Thank you for posting, Rob.


----------



## Gunnar75 (Feb 15, 2011)

Darn it they put the pictures upside down again


----------



## Greenduck (Apr 19, 2011)

Yamabushi said:


> I'd really love to download this, but for the life of me, neither of my browsers will let me. Can someone please, make this accessible some other way? Please!

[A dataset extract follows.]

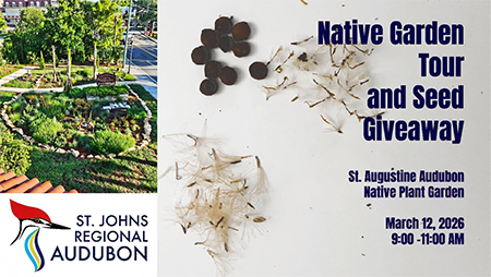 Join us at the St. Augustine Audubon Native Plant Garden for a Spring Tour and native plant seed giveaway on Thursday, March 12.
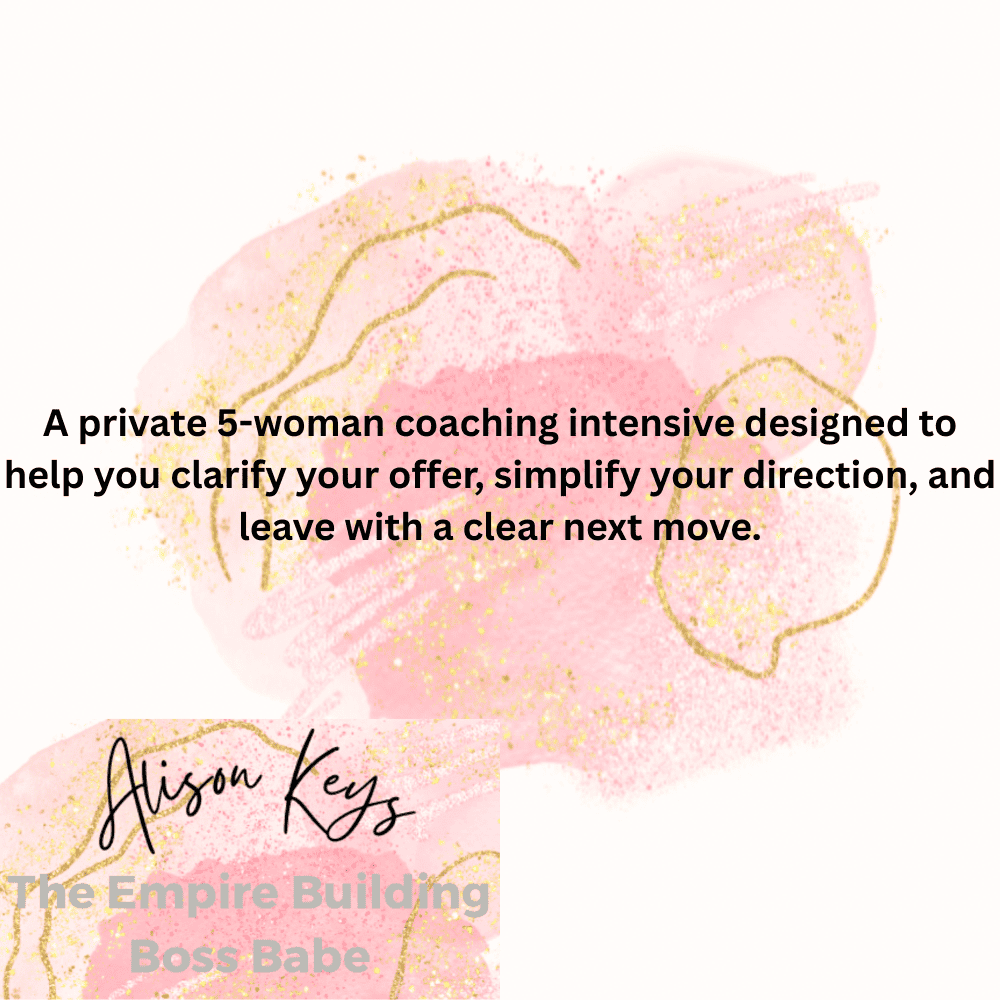 A private 5-woman coaching intensive designed to help you clarify your offer, simplify your direction, and leave with a clear next move.

This should work: 2012CannondaleConsumerCatalog.pdf


----------



## NJRoadie (May 13, 2004)

*Nice find!*

Thanks for posting. 

I am quite surprised that there is no CAAD10 with Ultegra UI2.


----------



## wesleyjack (Jul 10, 2011)

I've found another version of the catalog here but it seems to be missing some pages particularly the models that come with the Rival grouping. 
2012 Cannondale DealerBook

also here is the "new" Cannondale website pre-launch version. Its rather limited in it's offerings but its really not to much worse than their current website 
Cannondale Homepage


----------



## Rob (Mar 3, 2004)

wesleyjack said:


> I've found another version of the catalog here but it seems to be missing some pages particularly the models that come with the Rival grouping.
> 2012 Cannondale DealerBook
> 
> also here is the "new" Cannondale website pre-launch version. Its rather limited in it's offerings but its really not to much worse than their current website
> Cannondale Homepage


The Dealer Book is, I believe, for Australia and doesn't have the same lineup. There is some fine print at the bottom of the pages that says Australia.


----------



## wesleyjack (Jul 10, 2011)

That would make sense, I'm assuming the specs for the bikes the list are the same for the US offerings.


----------



## Shinjukan (Aug 22, 2011)

*2012 Synapse Alloy 6*

Wow, the Alloy 6 Tiagra has gotten the BB30 frame! And the cog set is now 10 speed. If only I had the luxury of time this year to wait for this 2012 version.


----------



## wesleyjack (Jul 10, 2011)

Suppose to be available Jan 1


----------



## Yamabushi (Sep 30, 2008)

Greenduck said:


> This should work: 2012CannondaleConsumerCatalog.pdf


Cheers mate, thank you!!


----------



## jboyd122 (Aug 29, 2011)

Does anybody know what the price will be on the Super Six 6 Apex and if it will be available in the US?


----------



## wesleyjack (Jul 10, 2011)

It's in the catalog so they should be coming to America the bigger question is When? the catalog does not include MSRP, but my guess and it is just a guess is that it will cost right around where or a little less than last years 105 cost. It's about $350 less MSPR on the 2011 Synapse lineup, and the price bump from 2011 to 2012 seems to be $100-200 so somewhere in the neighborhood of 2k plus or minus (hopefully minus) seems about right.

apparently the question I answered got deleted. This was in response to whether or not the Supersix Apex would be for sale in america and what it would cost.


----------



## climbinthebigring (Mar 13, 2011)

NJRoadie said:


> Thanks for posting.
> 
> I am quite surprised that there is no CAAD10 with Ultegra UI2.


There is no place to hide the wires on the frame cause it has external routing so it will be mech only until they do another redesign


----------